Educational PyTorch re-implementation of GPT training and inference (fork of Karpathy's minGPT)
A clean, readable PyTorch re-implementation of GPT (training and inference) based on Andrej Karpathy's minGPT. The core model is ~300 lines of code: a standard Transformer decoder (masked self-attention, feed-forward, layer norm) with a BPE tokeniser matching OpenAI's GPT encoding. Includes demo notebooks for a sorting task and GPT-2 text generation, a character-level language model project, and an addition task trained from scratch.
~300-line educational PyTorch GPT implementation for learning Transformer internals.
• Model (mingpt/model.py): decoder-only Transformer with masked self-attention heads, feed-forward layers, layer norm, and configurable depth/width. Supports gpt2, gpt2-medium, gpt2-large, gpt2-xl presets.
• BPE tokeniser (mingpt/bpe.py): byte-pair encoding matching OpenAI's GPT-2 vocabulary (50,257 merges).

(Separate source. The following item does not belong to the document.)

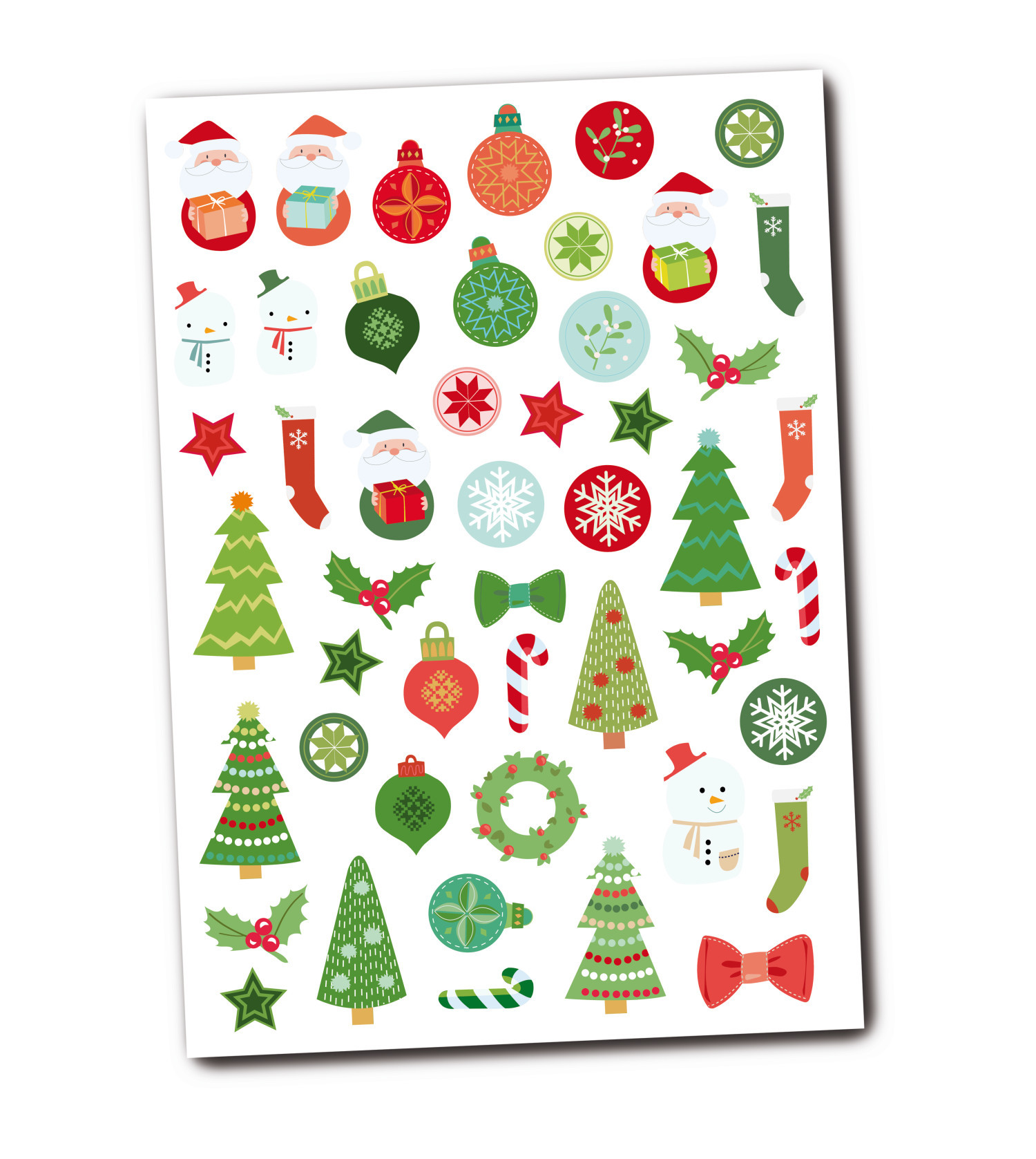 96 gommettes couleurs et tailles assorties Dimensions : de 1,5 à 4,2cm 2 planches de gommettes Motifs : Sapin - noeud - boules de noël - Père Noël - canne à sucre - bonhomme de neige - Houx - Etoiles - Chaussettes de noël
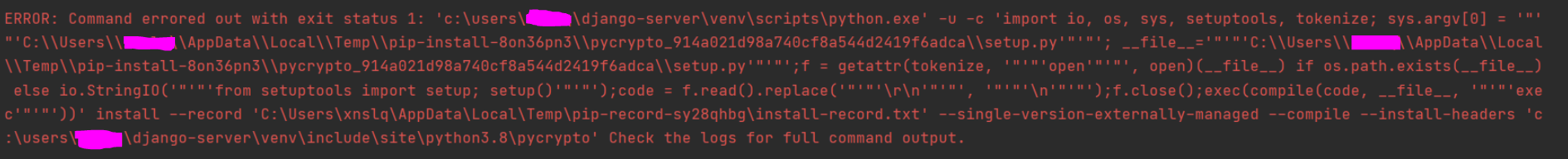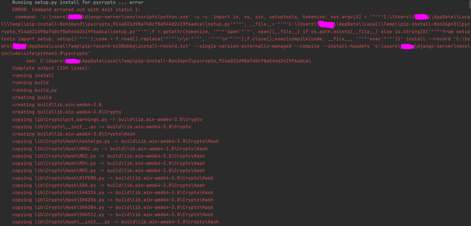 [Django, Issue] Running setup.py install for pycrypto ... error. ERROR : Command errored out with exit status 1:

• Trainer (mingpt/trainer.py): generic PyTorch training loop; AdamW optimiser; configurable learning rate, batch size, max_iters.
• Projects: adder (trains GPT to add numbers), chargpt (character-level LM on arbitrary text), demo.ipynb (sorting example), generate.ipynb (GPT-2 text generation from prompt).
• Installation: pip install -e . for use as an importable mingpt library.